The ability of the DL model to differentiate eyes with glaucomatous VF loss from healthy eyes was excellent in both the training set (AUC = 0.986, 95% CI [0.980, 0.993]; Sensitivity 0.944 [0.925, 0.963], Specificity 0.975 [0.961, 0.988]) and the test set (AUC 0.953, 95% CI [0.919, 1.000]; Sensitivity 0.927 [0.879, 0.968]; Specificity 0.947 [0.895, 0.987]). Also, its ability to discriminate moderate-to-severe glaucoma was good (Training set: AUC 0.878, 95% CI [0.842, 0.913]; Sensitivity 0.711 [0.639, 0.777]; Specificity 0.929 [0.900, 0.954], Test set: AUC 0.860, 95% CI [0.771, 0.965]; Sensitivity 0.722 [0.590, 0.803]; Specificity 0.821 [0.714, 0.916]). In the subgroup analysis of the glaucoma group for discrimination of early versus moderate-to-severe glaucoma (excluding normal controls), the AUC was 0.847 [95% CI 0.813–0.881] in the training dataset, and 0.812 [95% CI 0.716–0.999] in the testing dataset. Figure 3 plots ROC curves showing the discriminating ability for glaucomatous VF loss from normal control (black curve), and early glaucoma from moderate-to-severe glaucoma (red curve) in the testing set.
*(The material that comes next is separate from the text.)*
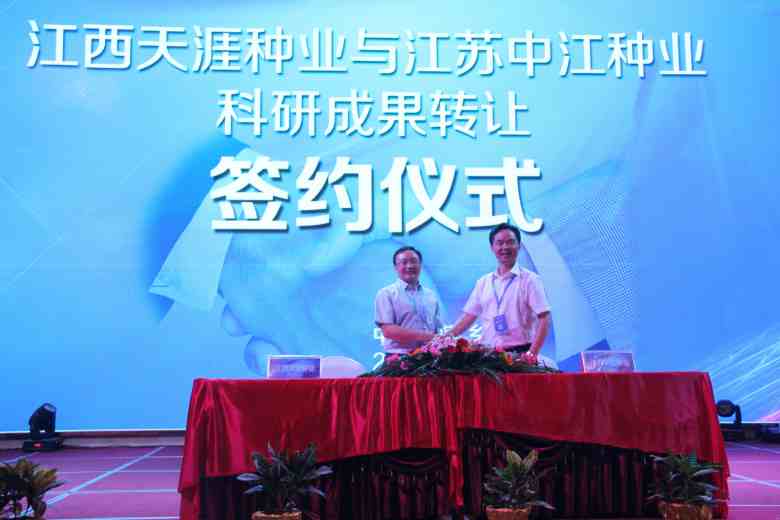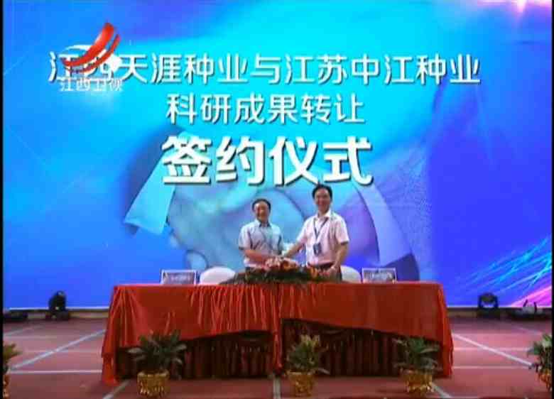 9月11―12日,由江西省萍鄉(xiāng)市政府主辦的江西水稻種業(yè)聯(lián)盟成果展會上,最新國審秈型兩系雜交中稻新品種深兩優(yōu)9310全國獨家經(jīng)營權(quán)以1080萬元天價轉(zhuǎn)讓給中江種業(yè),江蘇中江種業(yè)總經(jīng)理蔣紅云先生與江西天涯種業(yè)總經(jīng)理張少虎先生現(xiàn)場簽訂了深兩優(yōu)9310品種科研成果轉(zhuǎn)讓協(xié)議,深兩優(yōu)9310以1080萬元成交創(chuàng)下了江西省農(nóng)業(yè)領(lǐng)域單筆科研成果轉(zhuǎn)讓費最高記錄,深兩優(yōu)9310為最新國審兩系雜交秈稻品種,2015年9月通過國家審定,審定編號(國審稻2015020),深兩優(yōu)9310作中稻生育期136天左右,株高110厘米左右,莖稈粗壯,超級抗到,栽培方式可直播或拋秧輕簡化栽培;株型緊湊、劍葉挺拔,好打藥防治病蟲害;抗逆性強,抗高低溫能力強;分蘗力強,多穗多粒,結(jié)實率高,高產(chǎn)穩(wěn)產(chǎn);后期大田熟像好、米質(zhì)優(yōu),米飯適口性好等優(yōu)點。簽約會前蔣總還考察了江西萍鄉(xiāng)市、高安市、南昌縣等地深兩優(yōu)9310的大田示范表現(xiàn),公司副總經(jīng)理查軍民,水稻部經(jīng)理黃國華,中江種業(yè)江西分公司總經(jīng)理熊茂龍陪同簽約和考察,江西衛(wèi)視《9月12日江西新聞聯(lián)播》、江西日報等媒體對深兩優(yōu)9310簽約會進(jìn)行了報道。(http://tv.cntv.cn/video/C11099/2a09604419853de039823ac80a4e5c44,江西新聞聯(lián)播鏈接)

The ODPs with class activation maps of representative cases are provided in Fig. 4. Warmer colors (red > yellow > blue) represent a higher importance of the pixel to the classification task. The activated area was overlapped with clinically important areas including the neuroretinal rim and adjacent RNFL.

Figure 3
figure 3

Receiver operating characteristic curve showing performance for detection of glaucomatous visual field defect (VFD) and discrimination of glaucoma stage according to mean deviation (MD; cutoff value: − 6 dB) in testing set. The areas under curve (AUCs) of the DL model were 0.953 (95% CI [0.919, 1.000]) for glaucomatous VFD detection and 0.812 (95% CI [0.716–0.999]) for glaucoma stage determination.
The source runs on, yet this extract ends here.